Minimizers of the Interaction Energy on a Space of Probability Measures

We consider a particular energy functional (or interaction energy) and we try to describe its minimizers following the approach of J. A. Carrillo et al.. The energy functional will be defined on a space of probability measures, since we would like to represent collective phenomena like swarm-like behaviour. The energy is characterised by a specific interaction potential W. Some specific properties of the local minima can be analysed in depth, especially in the case of strong and mild repulsive potential. The main example is characterised by the choice of a power-law potential. The most informative element is the Laplacian of our potential, whose behaviour near 0 identifies different types of repulsion. The minimization process can be translated into a partial differential equation (in the distributional sense), which is characterised by non-locality and non-linearity properties.

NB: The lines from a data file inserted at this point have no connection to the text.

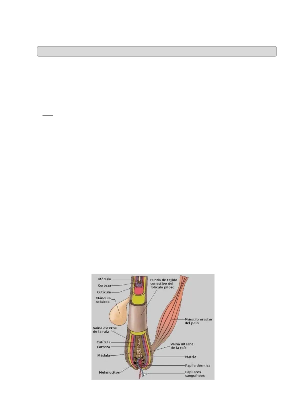 Médula Funda de tejido conectivo del folículo piloso Corteza Cutícula- Glándula sebácea Músculo erector del pelo Vaina externa de la raíz Cutícula Corteza Vaina interna de la raíz Médula Matriz Papila dérmica Melanocitos Capilares sanguíneos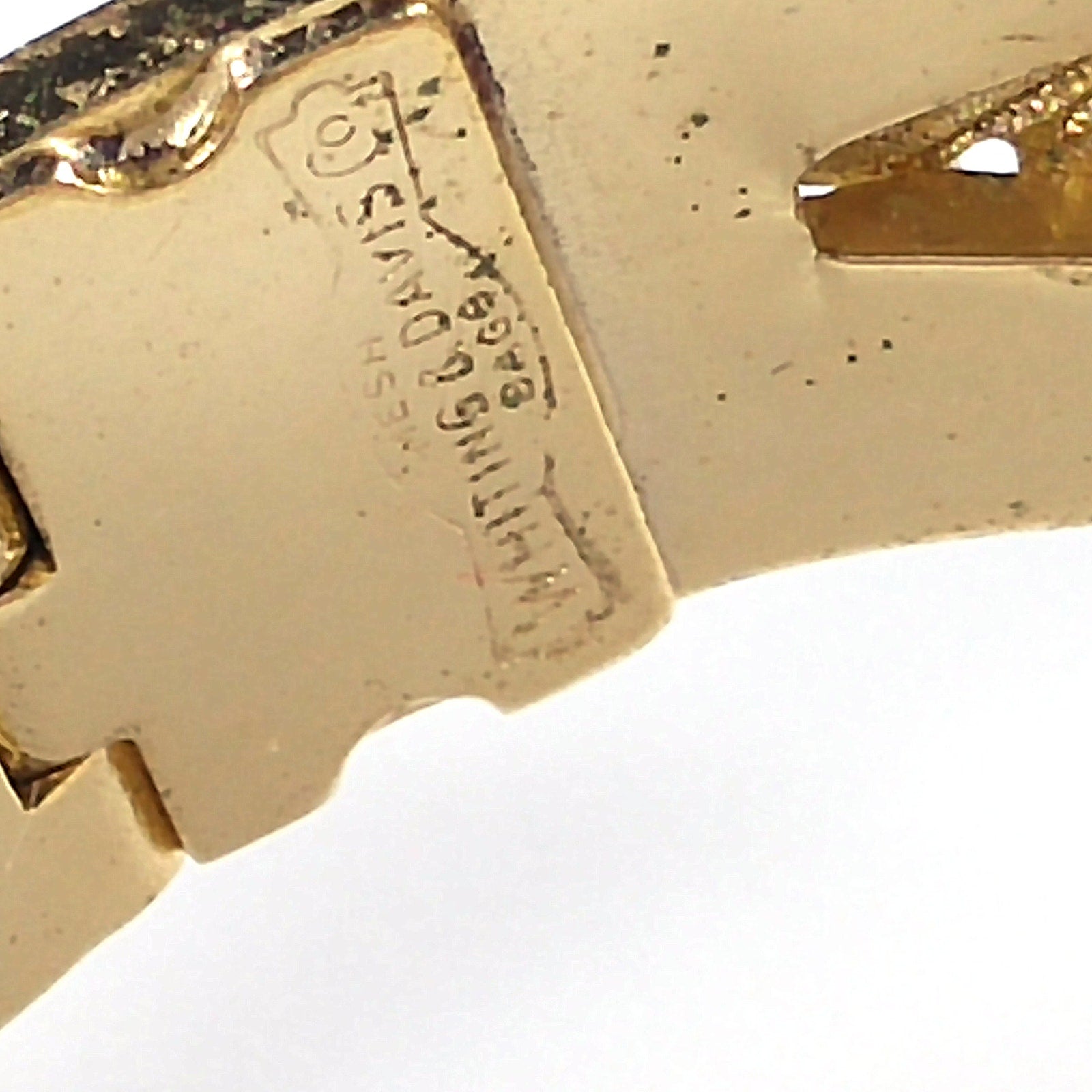 Whiting & Davis Cameo Intaglio Hinged Bracelet, Gold Plated, 1960s Vintage Jewelry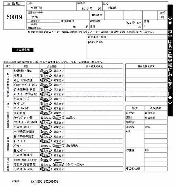 Crawler Excavator KOMATSU HB205 – 2013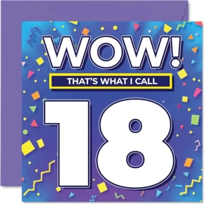 MAKE THEM SMILE WITH THIS UNIQUE BIRTHDAY CARD: This exceptional quality birthday card for him or her shows the design 'Wow! That?s What I Call 18'. If you are looking for special birthday greetings cards for Men birthday card then then this happy birthday card is bound to make them smile. Not just for birthday gifts for Men this could also be for Son, Niece, Daughter, Uncle, Cousin, Sister, Friend or Auntie. WHAT DO YOU GET: The card is printed on one side and BLANK ON THE INSIDE to allow you to write your very own message. The unique fun design is printed on a specially sourced and environmentally responsible board. At 360 microns thick the natural white one-sided gloss board has a quality look and feel. Supplied with a coloured gummed envelope to complement the design and ready to be sealed and sent in the post. Great Son birthday cards, Niece birthday card. DESIGNED FOR WRITING: There is nothing worse than writing inside a card to find that the shiny surface makes the ink smudge. This is why we use a high quality one sided coated board. The uncoated side will absorb more of the ink from your pen to make smudging a thing of the past. 18th Birthday card for Daughter, 18th Birthday card for Uncle, 18th Birthday card for Cousin. SIZES: Greeting Card = 145mm x 145mm, Envelope = 155mm x 155mm, Card Thickness = 360 micron. Sister 18th birthday card, birthday cards for Friend, special birthday cards for Auntie, 18th birthday card Son, Niece 18th birthday card. MADE AND QUALITY CHECKED IN THE UK: We print and manufacture all our products right here in the UK so you can be sure of a fast turnaround and a product that is expertly made. Using environmentally responsible premium board our card is conscious of the responsible management of the world's forests - perfect birthday cards for Men, fun birthday cards for him, Niece 18th birthday cards, female birthday cards.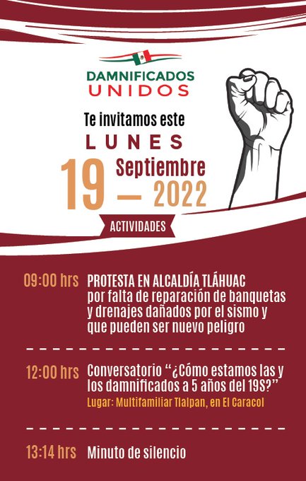 Por lo pronto, para no olvidar y porque la lucha de los damnificados no ha terminado, el próximo domingo 18 los vecinos del Multifamiliar Tlalpan realizarán dos eventos en memoria de las víctimas de ese inmueble; el lunes 19 habrá un conversatorio en esa misma sede para evaluar la situación de los damnificados a cinco años del terremoto y una protesta en Tláhuac por daños no reparados que representan riesgo.
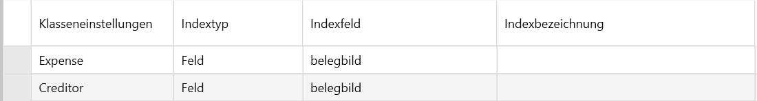 Ab Version 6.8.0.18 ist es möglich Belege (Bilder & PDFs) in Spesen und Kreditoren zu indizieren. Auch für diese Klassen werden üblicherweise Indexfelddefinitionen erfasst, die wie folgt aufgebaut sind:
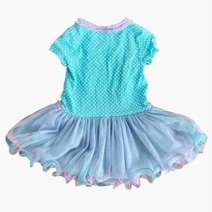 Adorable dress that has a bunny on the front with polka dots. There is gathered tulle around the neck and 3 layers of tulle on the bottom with wire in the edges so the tulle is wavy. Dress has a white slip under tulle

Actually, the equation is obtained as a gradient flow for the interaction energy with respect to a non-standard Riemann-like structure and we give a sketch of its rigorous derivation in a metric space. The main references for the mathematical structures we need and for gradient flows on metric or probability spaces are the works of Ambrosio, Gigli and Savaré. In addition, working in Wesserstein spaces allows us to translate a wide range of propositions in terms of optimal transport problems. This correspondence has been widely treated in recent literature and we only give some hints about it. Furthermore, following another work by J. A. Carrillo et al., we are able to expose some results on the stability or instability of spherically symmetric steady states for certain classes of potentials. Finally, we discuss some basic results of existence and uniqueness which have proven to be really useful in literature.